You defined your strategy, started your transformation, and explained it to your team. A shift is in progress. But after a few weeks or months, something is off. Progress has slowed down. The enthusiasm is getting dark. Resistance has reappeared in new forms. And your momentum of change is stagnating.
This scenario is more common than most CEOs realize. The study consistently shows that 60% to 70% of organizational change initiatives failed. One important reason? Resistance does not end after kickoff. It evolves. Leaders often treat resistance like a high initial hurdle. In reality, it is the repetitive signal that changes are processed, challenged and internalized. If left unaddressed, these continuous waves of resistance can quietly derail momentum. However, strategic involvement can accelerate adoption and enhance transformation.
Understanding the cycles of continuous resistance
From strategic pivots and post-M&A integration to structural reorganizations, BTS works with leadership teams from dozens of Fortune 500 companies to navigate major transformations. In almost every case, repeated blind spots are seen. It's a resistance to return when the leader thinks he has overcome it.
why? Because people don't process everything at once. They experience it in the waves. Each wave of realization – how change affects teams, workloads and relevances absorb fresh responses. What may appear to be regression is often the deeper processing layer based on a deeper level of understanding.
For example, software clients undergoing a shift in key pricing and transition to the market first appeared to have all the right pieces in place. Their plans were thorough and they paid attention to what different group of employees needed to succeed in their “new” jobs. However, as the transition spent the fiscal year, a new wave of resistance emerged, especially among the sales team. Rather than treating this as an unexpected pushback, the leadership team predicted these ripple effects by introducing appropriate timing checkpoints before the quarter and year-end. We also adjusted the reporting process to make it easier for sellers to track both old and new results. This level of active transparency and support reduced the disruption and eased the burden of transition.

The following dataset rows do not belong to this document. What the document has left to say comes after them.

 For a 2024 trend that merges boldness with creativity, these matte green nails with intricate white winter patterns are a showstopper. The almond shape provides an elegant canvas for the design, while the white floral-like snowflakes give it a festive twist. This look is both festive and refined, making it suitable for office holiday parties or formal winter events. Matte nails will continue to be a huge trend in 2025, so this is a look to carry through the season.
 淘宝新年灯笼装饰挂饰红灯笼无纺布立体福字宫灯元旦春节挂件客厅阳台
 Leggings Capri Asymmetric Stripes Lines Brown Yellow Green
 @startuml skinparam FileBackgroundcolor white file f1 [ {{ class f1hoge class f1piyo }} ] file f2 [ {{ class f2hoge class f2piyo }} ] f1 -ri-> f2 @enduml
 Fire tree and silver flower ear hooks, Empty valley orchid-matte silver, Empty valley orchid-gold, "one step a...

In the early stages of change, resistance emerges as questioning and skepticism. “Does this actually happen?” or “What does this mean to me?” This marks concept Phase – Testing its logic and feasibility where people are still trying to understand big ideas.
As changes shift Practical Territories – When people start using new systems, work with new structures, or provide services to their customers in different ways, the barriers offered arise. This resistor works better. It appears as a friction, a bottleneck, or workaround. Employees now believe that change is real and they bump into what they actually need to make it happen.
lastly, Reliable Phases, resistance can be difficult to find, but they are equally consequences. It appears in a subtle way: underusing new tools, returning to old habits under pressure, or inconsistency across the team. At this stage, the changes are technically live, but the organization has not yet been completely internalized. This may be the most dangerous stage.
This cycle is where many CEOs carelessly lose momentum. They treat resistance as a problem to resolve at the start of the conversion. Recognizing this progression and the resistance of unique forms in each phase takes, leaders can attract it as a key factor in long-term recruitment rather than disrupting it.
One of the most powerful rebirths I have seen among senior leaders is the transition from control of resistance to learning. At a healthcare technology company, we worked with over 200 leaders to unravel this idea. My team asked them: “What kind of data will the data involved in employee resistance give you?” Their answer was illuminated. Resistance uncovered communication gaps, which teams need more support and need to surface trust issues, and pointed out the actions to leadership that need to be changed.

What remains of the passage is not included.